| TASK INSTRUCTIONS |
In the listing below, find the line containing "Marbrasse 5 Pcs" and the line containing "融资方面,当日融资买入0元,融资偿还65", then copy exactly everything from the first through the second, except the pictures.

----------------------------------------

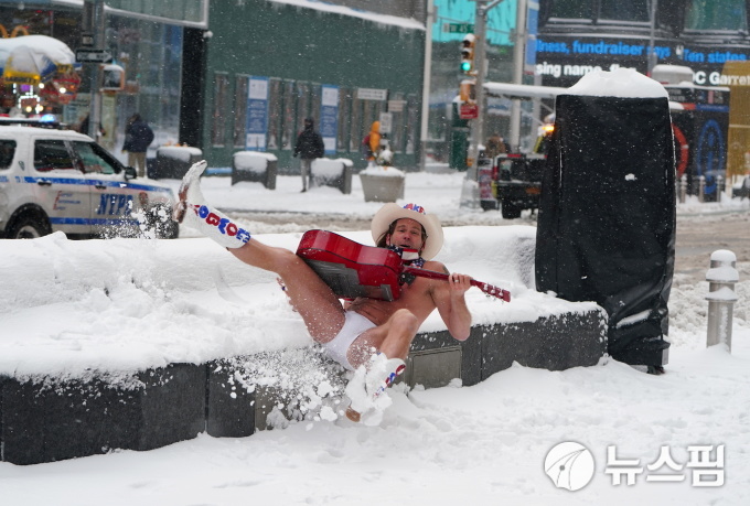 | 뉴욕 겨울폭풍 노리스터와 '쿵'하는 '벌거벗은 카우보이' [사진=로이터 뉴스핌] |
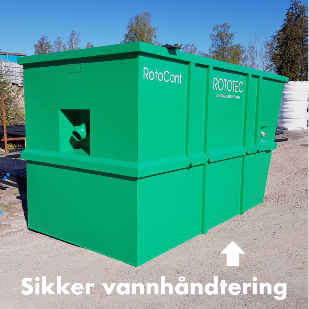 Bærekraft er kjernen i vårt arbeid. Alle i Rototec arbeider aktivt for bærekraft ved å tilby karbonnøytral energi. Som bekreftes av våre verdier, så streber vi etter å være pionerer innenfor geoenergi og kommer stadig med innovative og nytenkende løsninger for sikker og bærekraftig produksjon. En viktig del av vårt miljøarbeid er sikker og bærekraftig håndtering av vann underveis i prosessen med etablering av energibrønner. Vårt siste eksempel på dette er våre «RotoCont» separasjonscontainere som vi benytter til vannhåndtering og -rensing. Med våre «RotoCont»-containere kan vi sikkerstille at vannet som kommer ut av containeren igjen er renset fra partikler og er rent nok til å gå tilbake ut i naturen.
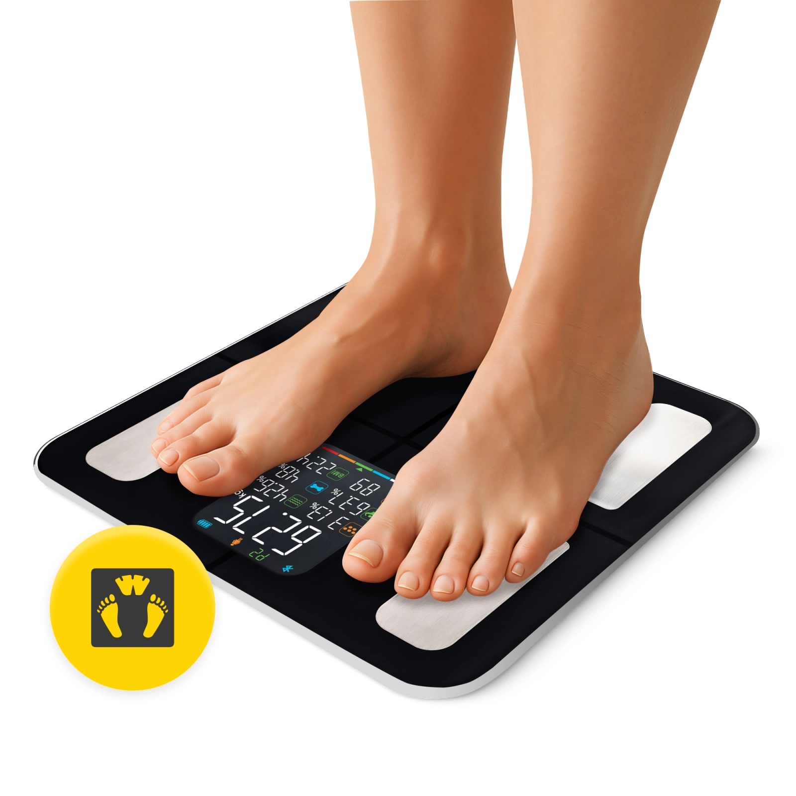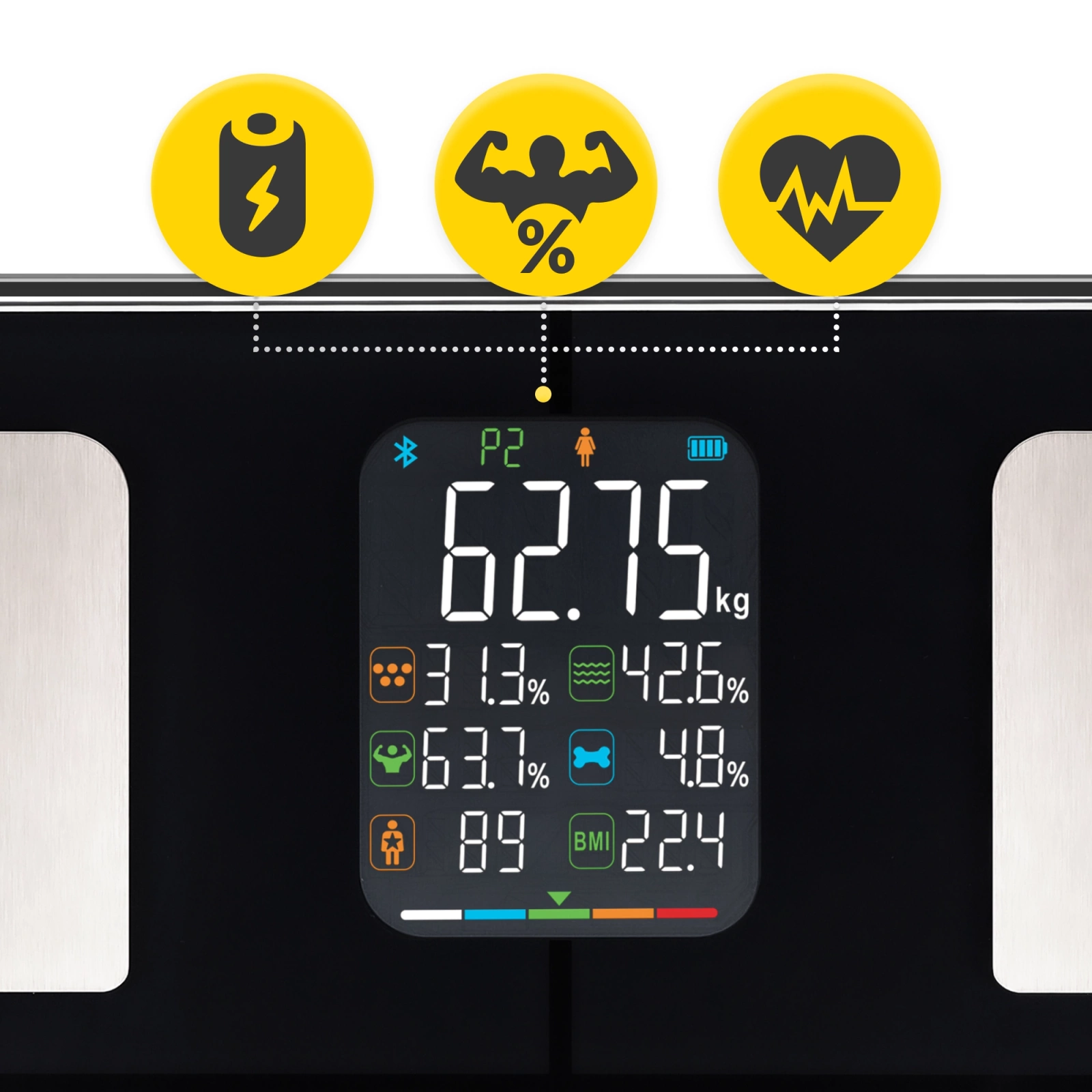 ✔️ Funkcje pomiarowe: masa ciała, BMI, % tkanki tłuszczowej, % wody, masa mięśniowa, masa kości, BMR (podstawowa przemiana materii), Body Score
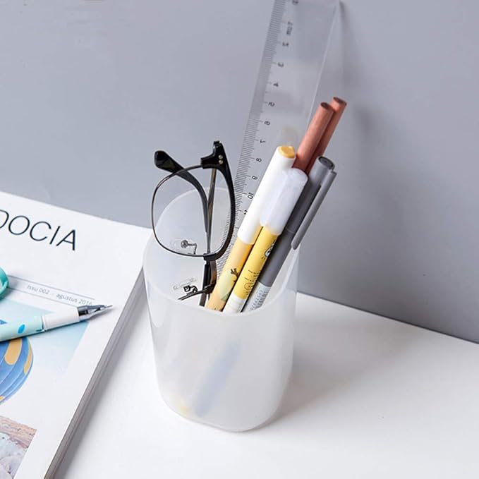 Marbrasse 5 Pcs Desk Organizer for Office, School, Home Supplies, Translucent White Pen Storage Holder, Set of 3, 2 Cups 14 Compartments (White)
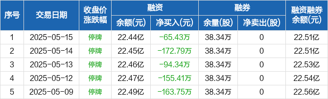 融资方面,当日融资买入0元,融资偿还65.43万元,融资净偿还65.43万元,连续9日净偿还累计3939.08万元。融券方面,融券卖出0股,融券偿还0股,融券余量38.34万股,融券余额684.37万元。融资融券余额合计22.51亿元。
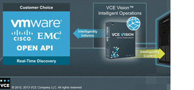 VCE Vision is software with APIs that collects information about Vblock hardware and software components to give insight to other tools and management frameworks. For example VMware vCenter plug-in and vCenter Operations Manager Adapter which should not be a surprise. Customers will also be able to write to the Vision API to meet their custom needs. Let us watch and see what VCE does to add support for other software and management tools, along with gain support from others.
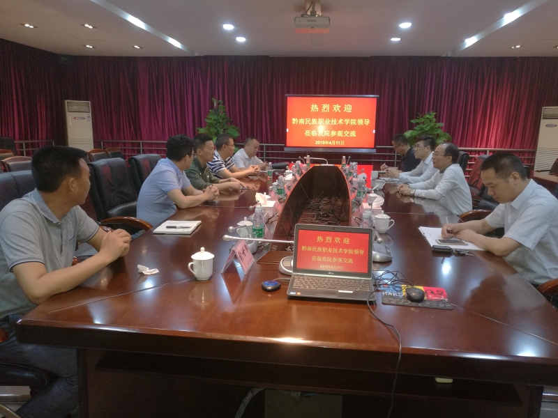 贺定修院长向考察组介绍了东莞职院近年来的发展情况,特别是在内涵建设、科研工作上成绩斐然,在国家和广东省高职院校排名中都名列前位。饶辉院长向东莞职院领导介绍了我院发展情况,认为东莞职业技术学院的发展成绩突出,对黔南职院的发展有重要借鉴意义,感谢东莞职院贺院长等领导对我校发展的关心与支持,希望今后两校在专业建设、干部挂职锻炼、科研工作等方面开展深度交流与合作。贺定修院长在听完饶辉院长的讲话后,表示东莞职院可根据自己的做法和经验,尽力帮助黔南职院争创省级优质高职院校,今年暑假亲自带队到黔南职院开设讲座,帮助干部教师提高创优意识,提高迎检工作质量。
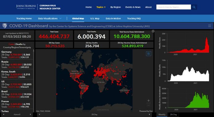 Monitoramento é da Johns Hopkins; especialistas dizem que subnotificação é provável e que a doença se tornou uma de ‘não vacinados’. Reprodução da página da Universidade Johns Hopkins, nos Estados Unidos, que aponta mais de 6 milhões de mortes pela Covid-19.
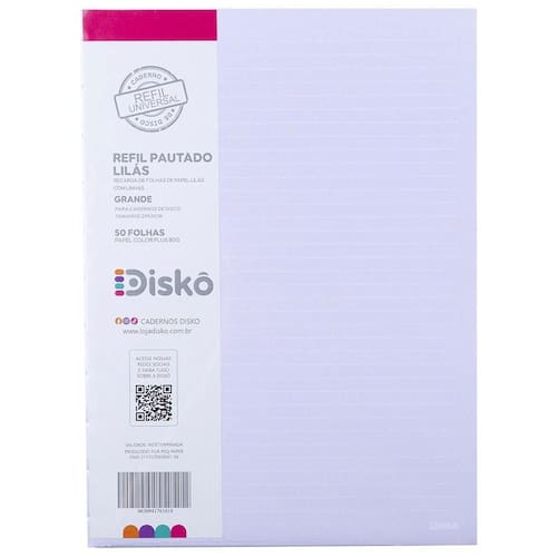 Traga a organização e a beleza da cor lilás para suas anotações Garanta já a reposição do seu Caderno de Discos com o Refil Disko Lilás Marca: Não Informado
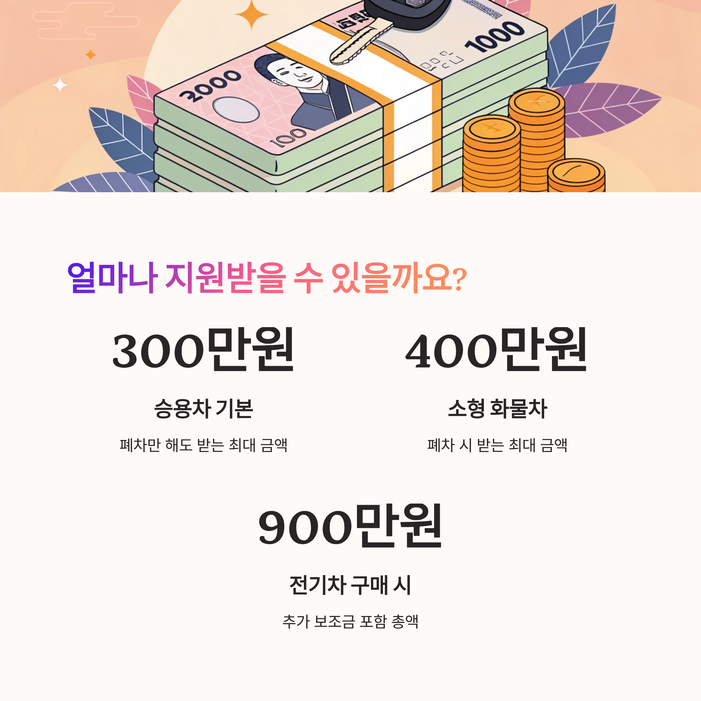 기본 보조금은 차량을 폐차하기만 해도 지급되는 금액이에요. 차량의 배기량, 연식, 총 중량 등에 따라 보조금 규모가 달라지는데요. 보통 승용차는 최대 300만원, 화물차는 최대 400만원까지 받을 수 있어요.
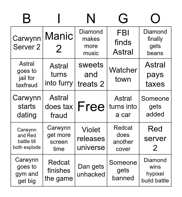 This bingo card has a free space and 24 words: Carwynn get more screen time, Redcat finishes the game, sweets and treats 2, Carwynn goes to gym and get big, Diamond finally gets beans, Carwynn Server 2, Astral goes to jail for taxfraud, Manic 2, Astral turns into a car, Violet releases universe, Watcher town, Carwynn starts dating, Redcat does another cover, Red server 2, Astral turns into furry, Someone gets banned, Someone gets added, Diamond makes more music, Astral pays taxes, Astral does tax fraud, Diamond wins hypixel build battle, Carwynn and Red battle till both explode, FBI finds Astral and Dan gets unhacked.
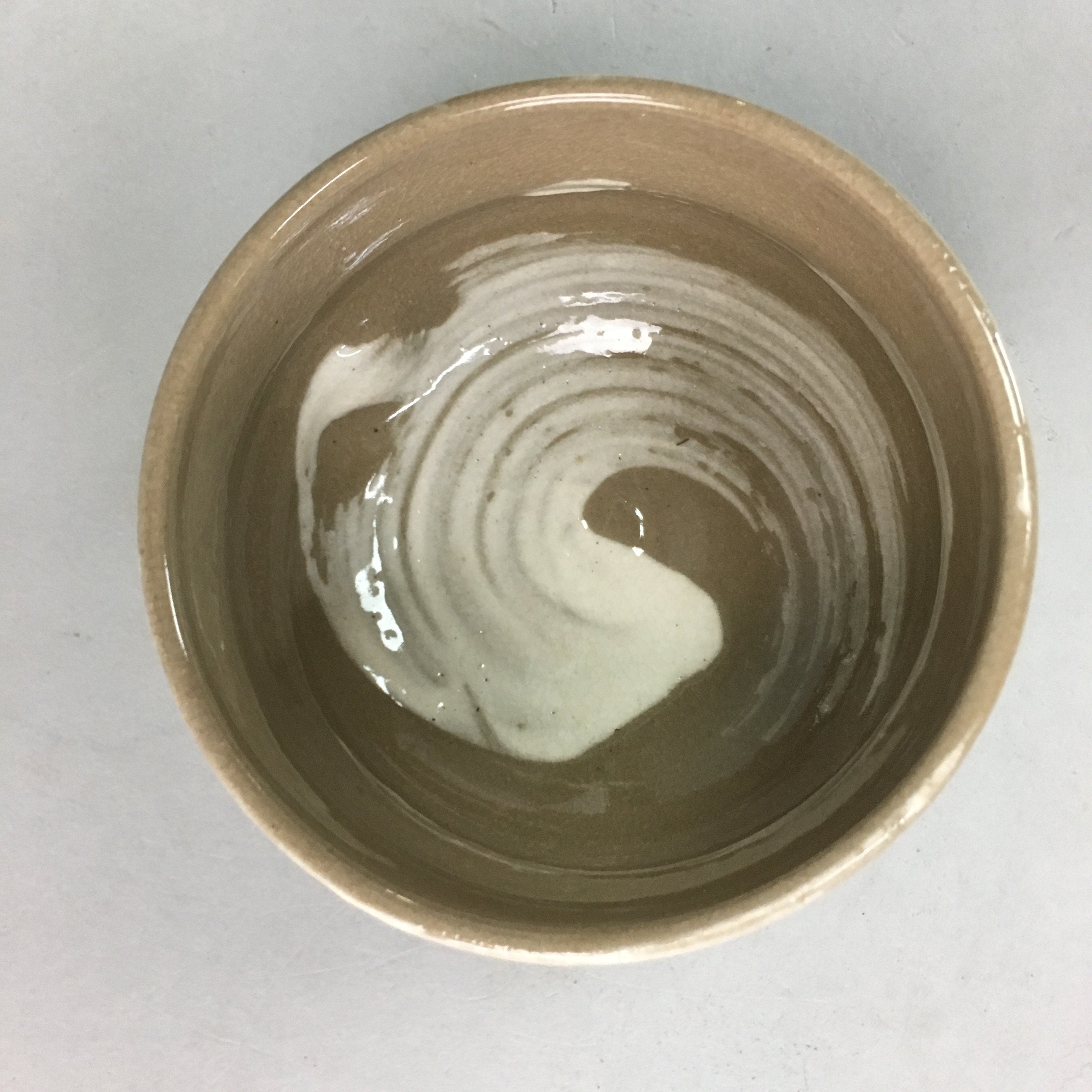 Japanese Ceramic Teacup Vtg Pottery Yunomi Gray White Brush Mark Sencha TC63
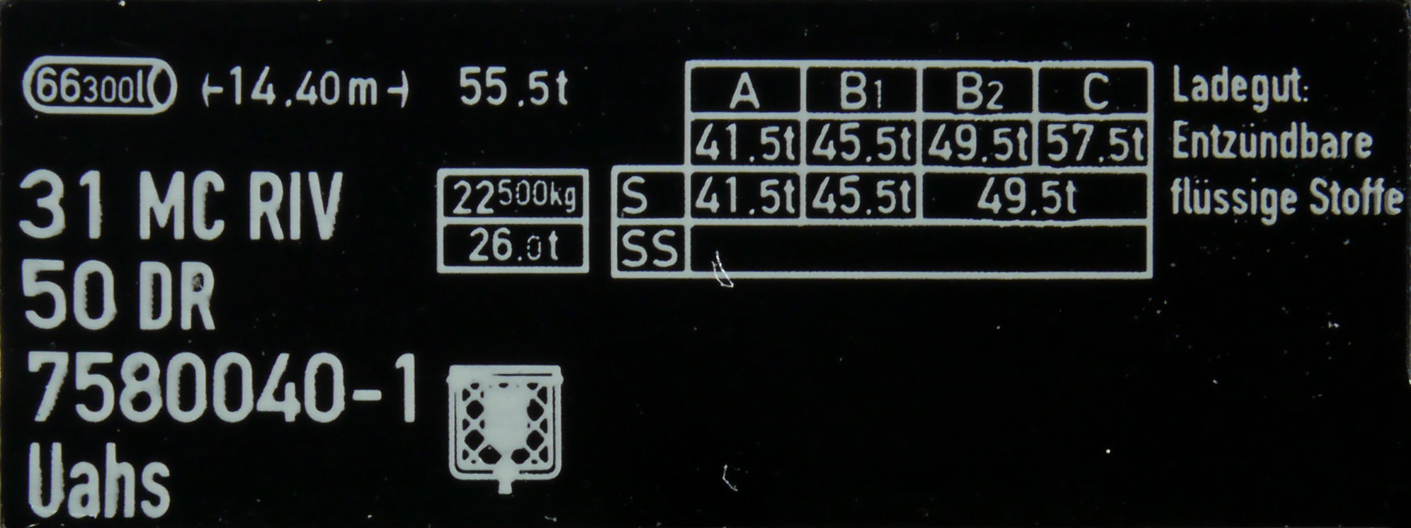 | • 31 50 7580040-1 | → | Z - kotlový (cisternový) vůz |
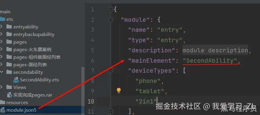 src/main/module.json5中 ->mainElement属性指向abilities属性中的UIAbility名字 - 调整
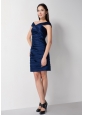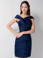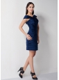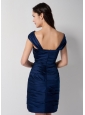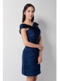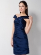 Home >  Bridesmaid Dresses >  Cheap Bridesmaid Dresses > Discount Navy Blue Column Asymmetrical Ruch Bridesmaid Dress Mini-length Taffeta
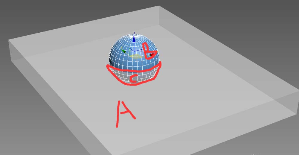1、物体A与物体B有穿插部分,球体底部C为穿插部分,实际在渲染上是看不到的,这里我们可以把看不到的删除来达到减面的目的。
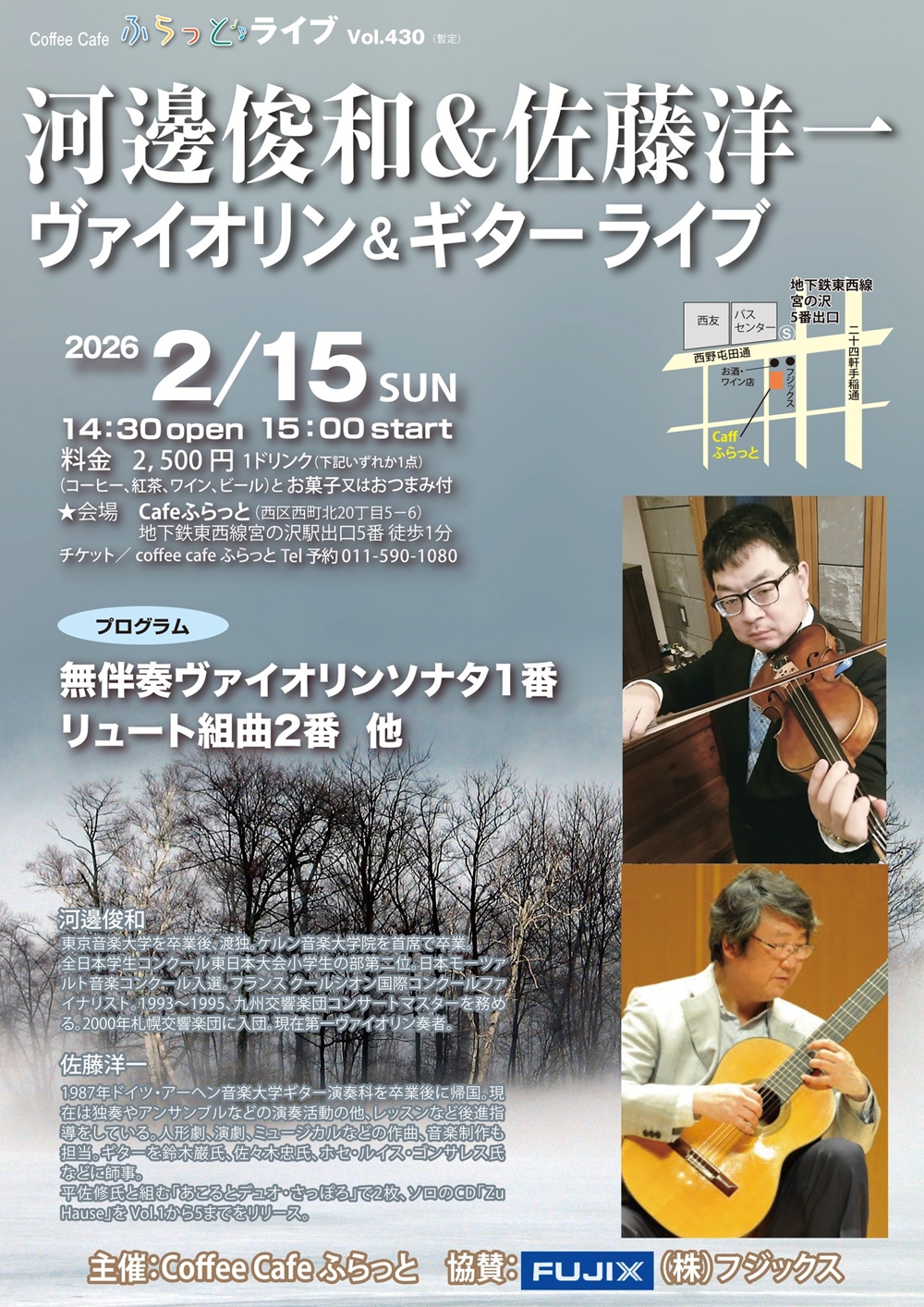 CoFFee Cafe ふらっとライブ河邉俊和&佐藤洋一 ヴァイオリン&ギターライブ 2月15日(日)15:00 Cafeふらっと(札幌市西区西町北20丁目5-6) 出演 ヴァイオリン/河邉 俊和(札響ヴァイオリン奏者) ギター/佐藤 洋一(ギター教室主宰) 曲目 J.S.バッハ/無伴奏ヴァイオリン・ソナタ第1番 J.S.バッハ/リュート組曲第2番 ‥‥他 |
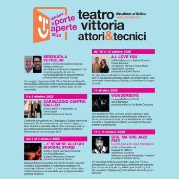 Il Teatro Vittoria di Roma, direzione artistica Viviana Toniolo, spinge sulla nuova stagione 25/26 dedicando ottobre (1-31 ottobre) a una nuova iniziativa dal titolo A PORTE APERTE. Il fine è quello, attraverso la concentrazione di ben 13 spettacoli in un mese, di rendere il teatro più accessibile e dinamico grazie alla consistente presenza di stimati professionisti dello spettacolo che, con la loro arte, arricchiranno l’atmosfera del palcoscenico del Teatro Vittoria. Teatro, musica e grande danza. Tra i primi titoli Serenata a Petrolini, Caravaggio contro Galileo, ..e sempre allegri bisogna stare.

----------------------------------------

| SOLUTION TO THIS EXERCISE |
 Marbrasse 5 Pcs Desk Organizer for Office, School, Home Supplies, Translucent White Pen Storage Holder, Set of 3, 2 Cups 14 Compartments (White)
 融资方面,当日融资买入0元,融资偿还65.43万元,融资净偿还65.43万元,连续9日净偿还累计3939.08万元。融券方面,融券卖出0股,融券偿还0股,融券余量38.34万股,融券余额684.37万元。融资融券余额合计22.51亿元。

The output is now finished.